Without CO2, a 65-watt light may be too much for a 20-gallon tank.


----------



## cs_gardener (Apr 28, 2006)

Some good, easy surface floaters are Limnobium laevigatum, (Amazon Frogbit), Phyllanthus fluitans (red-root floater) and Salvinia minima. Ceratophyllum demersum (hornwort) is another good floater that floats just under the surface of the water. You can leave Hygrophila difformis (water wisteria) floating instead of planting it. There's also duckweed, but I've come to view it as a plague so I'm not recommending it. 

If you also get some tall or large leaved plants like Nuphar japonica, red tiger lilly, some of the taller crypts, or maybe a smaller sword and let the leaves grow up, they'll help cut down on the light that gets in the tank. I just removed a large sword (leaves well over 2 feet long and about 3" wide) from a 33 gallon tank and suddenly there's LIGHT! I hadn't realized how much light that plant had been blocking until it was gone.


----------



## newbie314 (Mar 2, 2007)

Amazon Pennywort will travel across the surface. Neat plant.


----------



## aley1511 (Apr 23, 2007)

ab420 said:


> That sounds like a plan! I'll use a good amount of floating plants to use up some of the light.
> 
> Any recommendations for fast growing floating plants?

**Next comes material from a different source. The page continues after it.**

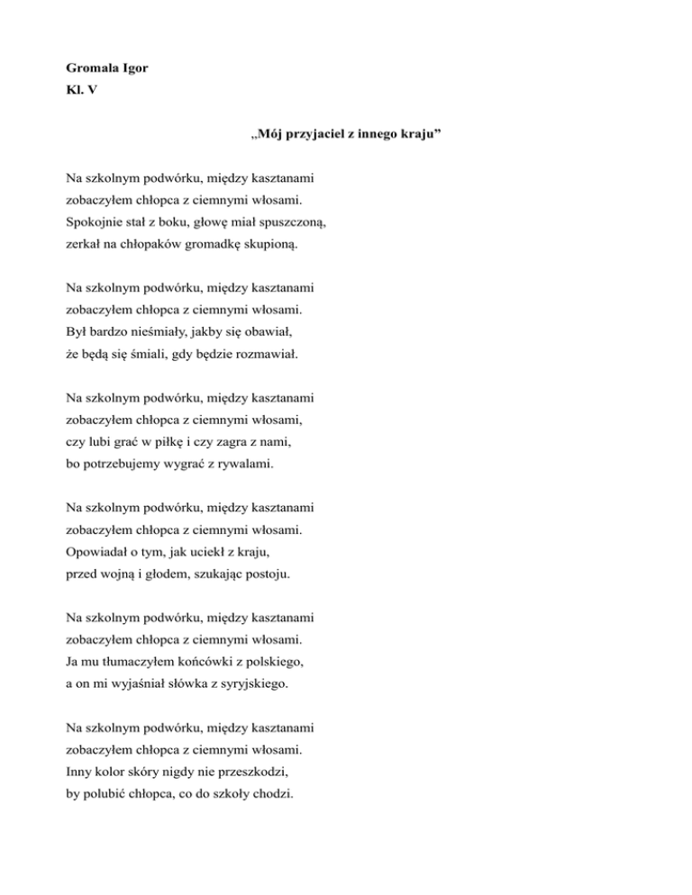 Gromala Igor Kl. V „Mój przyjaciel z innego kraju” Na szkolnym podwórku, między kasztanami zobaczyłem chłopca z ciemnymi włosami. Spokojnie stał z boku, głowę miał spuszczoną, zerkał na chłopaków gromadkę skupioną. Na szkolnym podwórku, między kasztanami zobaczyłem chłopca z ciemnymi włosami. Był bardzo nieśmiały, jakby się obawiał, że będą się śmiali, gdy będzie rozmawiał. Na szkolnym podwórku, między kasztanami zobaczyłem chłopca z ciemnymi włosami, czy lubi grać w piłkę i czy zagra z nami, bo potrzebujemy wygrać z rywalami. Na szkolnym podwórku, między kasztanami zobaczyłem chłopca z ciemnymi włosami. Opowiadał o tym, jak uciekł z kraju, przed wojną i głodem, szukając postoju. Na szkolnym podwórku, między kasztanami zobaczyłem chłopca z ciemnymi włosami. Ja mu tłumaczyłem końcówki z polskiego, a on mi wyjaśniał słówka z syryjskiego. Na szkolnym podwórku, między kasztanami zobaczyłem chłopca z ciemnymi włosami. Inny kolor skóry nigdy nie przeszkodzi, by polubić chłopca, co do szkoły chodzi.

I have a 20 gallon high with 2 power compact bulbs totalling at 130 watts. It comes out to 6.5 watts per gallon. Yet I have difficulty growing glosso and other light demanding foreground plants because of the height of the tank. So don't worry about using floating plants to reduce the light intensity if you are planning to grow light demanding foreground plants such as glosso etc. The height of the tank already diminishes wattage considerably.


----------